I found a site that supposedly has samples, but none that I downloaded worked in gopchop.  I then went on to Gnutella via Poisoned and searched for mpeg2 files, which I'm still in the process of doing.  Hopefully I'll get SOMETHING that's predetermined to be mpeg2...

(tig)


----------



## The Grimace (Mar 25, 2004)

The only way that I know of to run Linux under OS X is via Virtual PC, which was recently aqcuired by Microsoft.  However, Mac-on-Linux is another story entirely.
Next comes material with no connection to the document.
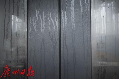 8月4日,广州市受季风低槽影响,有暴雨局部大雨,空气湿度大。图为广州市天河区市民冒雨出行;由于室内开空调温度低,室外湿热的水汽凝结在玻璃上。

Do you have a mpeg2 file that you could e-mail me?  I still don't know for certain whether or not GOPchop works properly for me.  It appears so, but without a certifiable MPEG-2 file I can't know for sure.

(tig)


----------



## MADMACMAN (Mar 25, 2004)

if you can't get Mpeg 2 PS Streams then drop a line here and i will upload a small 5 -10 MB on my webspace...


----------



## MADMACMAN (Mar 25, 2004)

http://pro13701.macbay.de/Live.mpg
this is a test Mpeg PS 10 sec. 5.9 MB
should enough to try...;-)


----------



## The Grimace (Mar 25, 2004)

Ok, this is gonna sound stupid, but was there anything in that mpeg?  'Cause it loads with 18 GOPs (0-17), all of which have 12 pictures (except the last which has 3) and audio.  However, all are 0 bytes in size.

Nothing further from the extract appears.